**THE TASK**.
From the top of the entries, reproduce each line exactly, stopping after the line that contains "На территории кафе". Omit pictures.

**GIVEN DATA**.
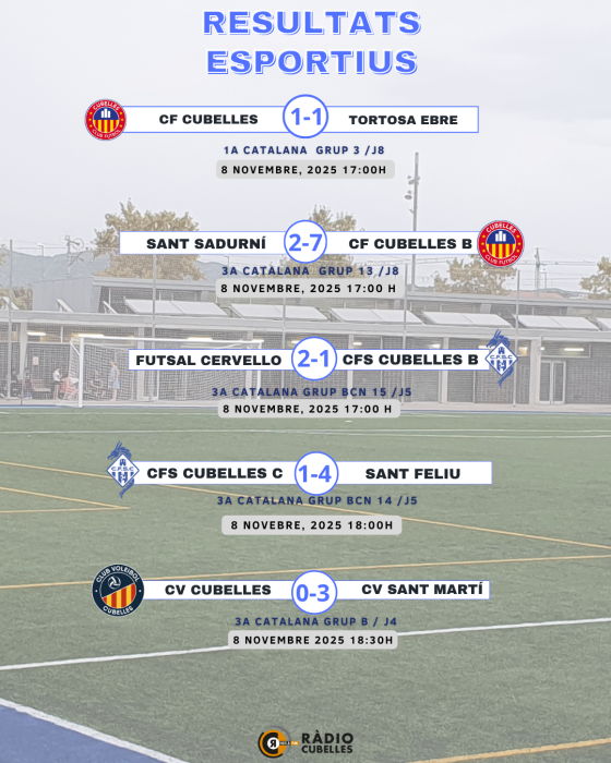 El CFS Cubelles B va caure 2 a 1 a la pista del Futsal Cervelló, mentre que el CFS Cubelles C va perdre a casa 1 a 4 davant el Sant Feliu.
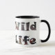 Starta din morgon från högerna med en hett kopp kaffe i en Mystic Howling Varg silhouette mugg. Visa upp vilden med den här färgstarka bakgrunden med fullt måne för att göra din dag ljusare. På andra sidan mugg visas "Vilda djur". Val av färg och storlek.
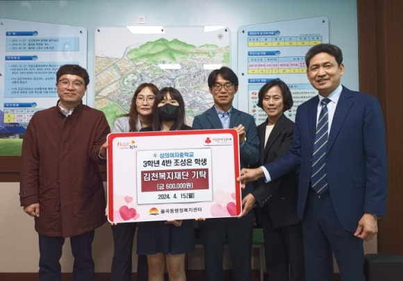 한편, 이날 열린 전달식에는 학생과 학부모를 비롯해 조성은 학생을 격려하고자 조용진 경상북도의원과 박근혜 김천시의회 행정복지위원장, 곽석진 율곡동 지역사회보장협의체 위원장 등 지역 인사들이 참석하여 의미를 더했으며, 조성은 학생의 후원금은 김천복지재단을 통해 지역 복지사업 등에 사용될 예정이다. |
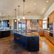 Кухонный остров прекрасно смотрится на больших кухнях. Во-первых, это очень удобный акцент, который позволяет увеличить рабочую поверхность. Во-вторых, такое решение придает каждому интерьеру интересный вид. Планируя остров на своей кухне, не забудьте отрегулировать его высоту так, чтобы удобно было сидеть на стульчиках (около 110 см в высоту). Также соблюдайте расстояние между островом и шкафами — минимум 90 см.
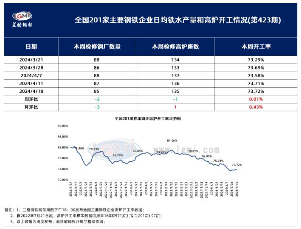 兰格调研:全国201家生产企业高炉开工数据周报(4月18日)
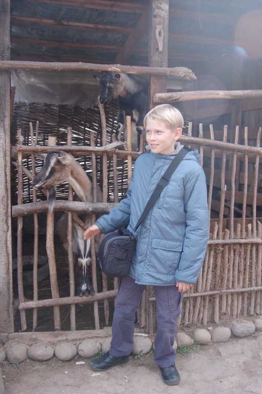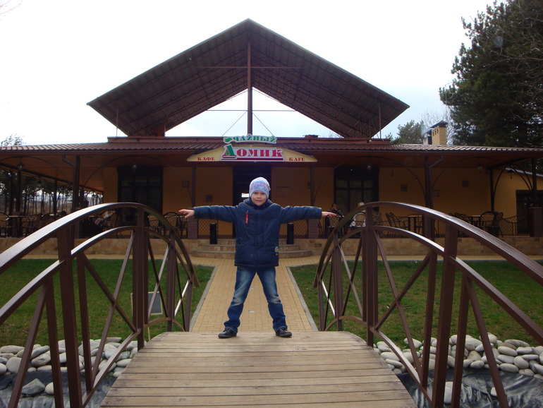 На территории кафе есть чем заняться детям, деревянный игрушечный домик, качели, прудик с рыбками и, конечно мини-зоопарк, где можно покормить животных, вход бесплатный.
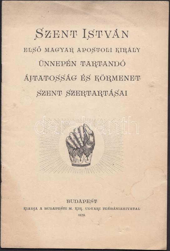 1929 Bp., Szent IStván első magyar apostoli király ünnepén tartandó áj... https://www.darabanth.com/de/201-Fernauktion/201.0/Andere-Sammelgebiete/Drucksachen~200011/1929-Bp-Szent-IStvan-elso-magyar-apostoli-kiraly-unnepen-tartando-ajtatossag-es-kormenet~II795178
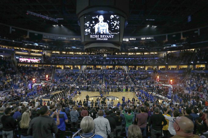 Il ricordo di Kobe Bryant prima della partita di domenica tra Orlando Magic e Los Angeles Clippers. (AP Photo/Reinhold Matay)
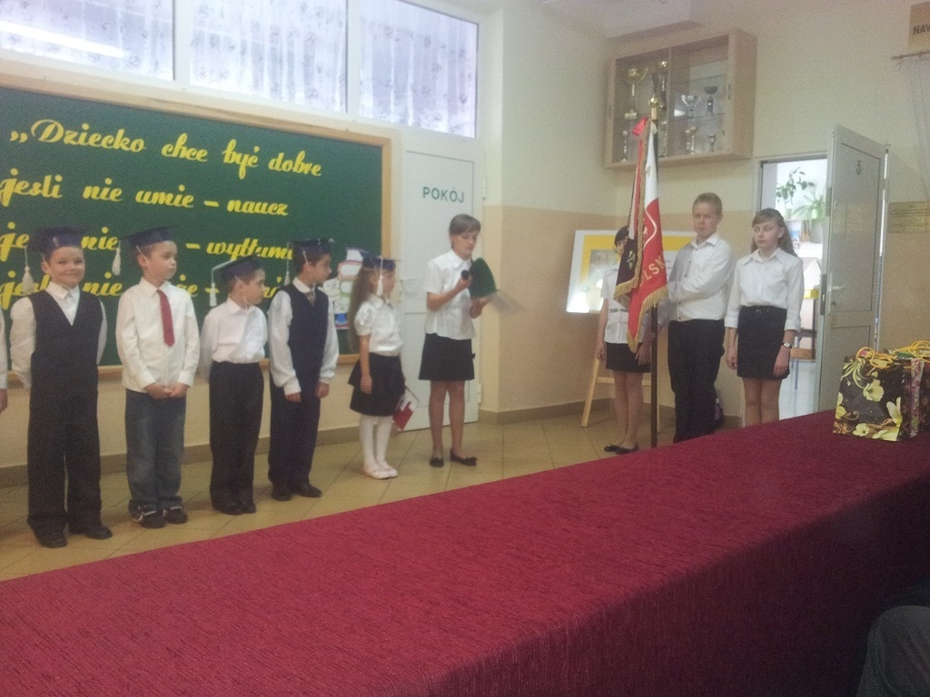 Aktu pasowania dokonała Pani Dyrektor Maria Deptuła. Uczniowie klasy pierwszej zobowiązali się do pilnej nauki, dbania o dobre imię szkoły, szacunku do nauczycieli i miłości Ojczyzny.
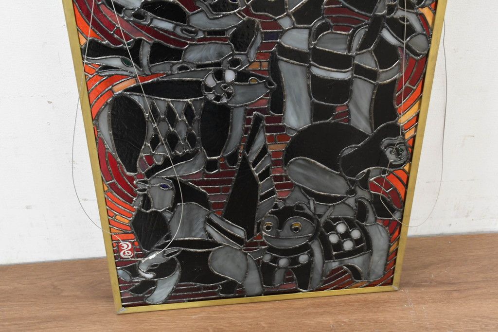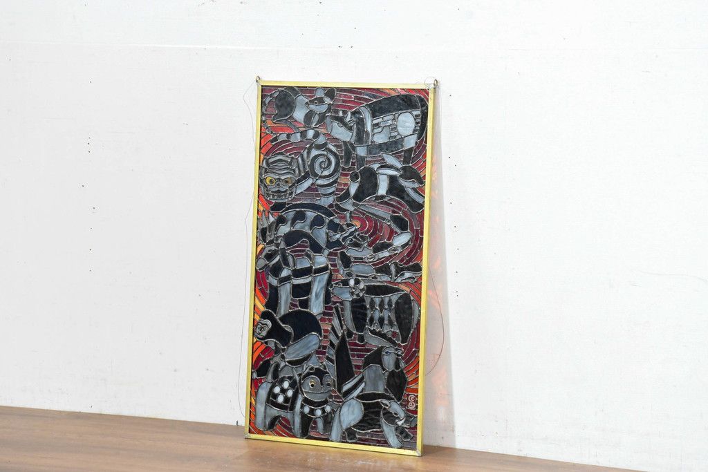 中古 希少!! 作家物!! ステンドグラス芸術家 伊藤誠二 珍しい和柄(干支・十二支・縁起物)を描いたステンドグラスのウォールアートパネル(オブジェ、壁飾り)(定価約37万円)(R-084557)
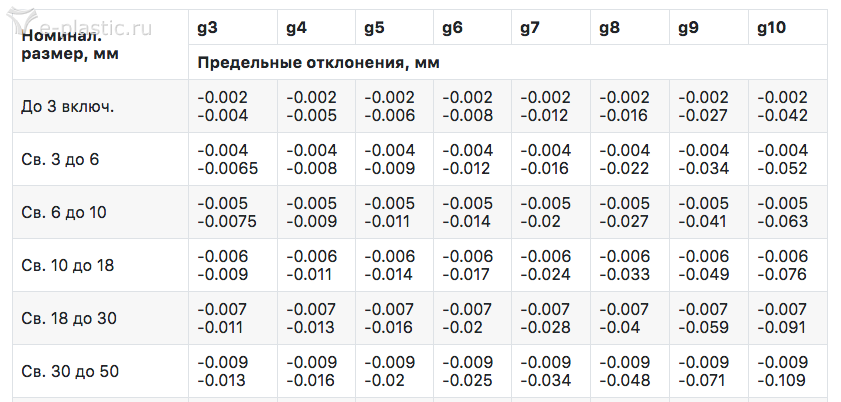 Теперь палец вторая таблица. посадка g6
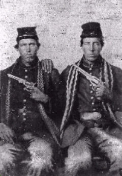 Private William Henderson Ringley on left and Private Solomon Ringley on right Company D, 2nd Tennessee Volunteer Infantry, U.S.A. The Ringleys were brothers from Overton County, Tennessee who were among the approximately 608 soldiers of the 2nd Tennessee captured at Rogersville on November 6, 1863. They were sons of Lewis Ringley. Henderson is holding a Colt Army .36 caliber black powder pistol. Solomon is holding a standard Colt .44 caliber black powder pistol. The scarves around their necks were probably gifts from family members worn in the photo as a sign of affection. Henderson and Sol Ringley survived Belle Isle Prison and in February, 1864 were transported to Andersonville Prison where they died of disease. Henderson died June 15, 1864 and is interred in Grave # 2005. Solomon died September 8, 1864 and is interred in Grave # 8183. About 418 of approximately 608 soldiers captured at Rogersville died of disease at Confederate prisons. Photo courtesy of LTC Ron Cyrus, their great-great nephew // source Dave Matthews 2nd Tennessee Volunteer Infantry Site (archived)

**SOLUTION FOR THIS PROBLEM**.
 El CFS Cubelles B va caure 2 a 1 a la pista del Futsal Cervelló, mentre que el CFS Cubelles C va perdre a casa 1 a 4 davant el Sant Feliu.
 Starta din morgon från högerna med en hett kopp kaffe i en Mystic Howling Varg silhouette mugg. Visa upp vilden med den här färgstarka bakgrunden med fullt måne för att göra din dag ljusare. På andra sidan mugg visas "Vilda djur". Val av färg och storlek.
 한편, 이날 열린 전달식에는 학생과 학부모를 비롯해 조성은 학생을 격려하고자 조용진 경상북도의원과 박근혜 김천시의회 행정복지위원장, 곽석진 율곡동 지역사회보장협의체 위원장 등 지역 인사들이 참석하여 의미를 더했으며, 조성은 학생의 후원금은 김천복지재단을 통해 지역 복지사업 등에 사용될 예정이다. |
 Кухонный остров прекрасно смотрится на больших кухнях. Во-первых, это очень удобный акцент, который позволяет увеличить рабочую поверхность. Во-вторых, такое решение придает каждому интерьеру интересный вид. Планируя остров на своей кухне, не забудьте отрегулировать его высоту так, чтобы удобно было сидеть на стульчиках (около 110 см в высоту). Также соблюдайте расстояние между островом и шкафами — минимум 90 см.
 兰格调研:全国201家生产企业高炉开工数据周报(4月18日)
 На территории кафе есть чем заняться детям, деревянный игрушечный домик, качели, прудик с рыбками и, конечно мини-зоопарк, где можно покормить животных, вход бесплатный.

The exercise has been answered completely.